Very slowly, he moved his pillow so that it was soon taking his place at her side so she wouldn't miss him, and then he rose from the bed and rapidly began to collect his clothing and dress himself. He had to get out of there immediately – he had to get away before she awoke and entrapped him with her gentle smile and innocence again. Thankfully, her sleep seemed profound and deep – she didn't even rouse when he turned the light on in her bathroom to retrieve the towel she'd used to clean them both. Habit dictated that he could leave no essence of himself behind – not on anything that could be used as evidence against him later.

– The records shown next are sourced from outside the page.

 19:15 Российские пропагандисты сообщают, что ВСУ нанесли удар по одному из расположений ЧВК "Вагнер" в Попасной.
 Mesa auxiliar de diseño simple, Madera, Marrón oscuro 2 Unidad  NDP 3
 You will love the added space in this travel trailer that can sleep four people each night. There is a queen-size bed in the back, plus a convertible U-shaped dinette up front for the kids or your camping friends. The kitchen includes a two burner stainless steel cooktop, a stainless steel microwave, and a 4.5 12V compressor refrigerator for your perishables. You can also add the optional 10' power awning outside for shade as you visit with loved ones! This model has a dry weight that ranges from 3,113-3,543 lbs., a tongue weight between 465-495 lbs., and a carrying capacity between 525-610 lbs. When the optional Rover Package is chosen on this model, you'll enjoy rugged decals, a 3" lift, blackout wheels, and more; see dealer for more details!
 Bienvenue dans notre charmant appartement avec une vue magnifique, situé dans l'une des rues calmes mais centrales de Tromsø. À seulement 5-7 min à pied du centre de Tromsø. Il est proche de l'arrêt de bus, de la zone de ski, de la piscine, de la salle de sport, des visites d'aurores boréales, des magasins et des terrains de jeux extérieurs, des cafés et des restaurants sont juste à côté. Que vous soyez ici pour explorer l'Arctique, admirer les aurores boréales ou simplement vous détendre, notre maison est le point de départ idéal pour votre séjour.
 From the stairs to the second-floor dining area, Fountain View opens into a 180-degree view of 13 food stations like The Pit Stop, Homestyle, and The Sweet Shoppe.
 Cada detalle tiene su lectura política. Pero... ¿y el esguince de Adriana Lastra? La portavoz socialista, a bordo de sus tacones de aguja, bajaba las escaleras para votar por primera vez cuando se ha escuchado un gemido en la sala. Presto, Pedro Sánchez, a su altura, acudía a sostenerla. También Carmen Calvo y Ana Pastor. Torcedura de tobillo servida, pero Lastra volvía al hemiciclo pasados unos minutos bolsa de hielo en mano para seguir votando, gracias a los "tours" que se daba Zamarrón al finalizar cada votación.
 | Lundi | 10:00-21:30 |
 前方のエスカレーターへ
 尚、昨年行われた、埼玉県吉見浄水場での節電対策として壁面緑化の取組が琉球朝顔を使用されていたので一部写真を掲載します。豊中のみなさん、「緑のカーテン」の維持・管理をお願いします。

He paused in the bedroom doorway, gazing at the woman who had so confounded him and turned his world view upside-down, and engraved the sight of her huddled beneath her coverlet into his mind. He would not see her again – he didn't dare, for a number of reasons. He had the Centre to nursemaid into a new era of profitability and power – that would be more than enough to keep his hands full. And when he hungered for sex, there was always the Hunt. He didn't need the vulnerability of this softer emotional entanglement, and that was what she offered him: a life free of the need for defensive shields and so made vulnerable in the process.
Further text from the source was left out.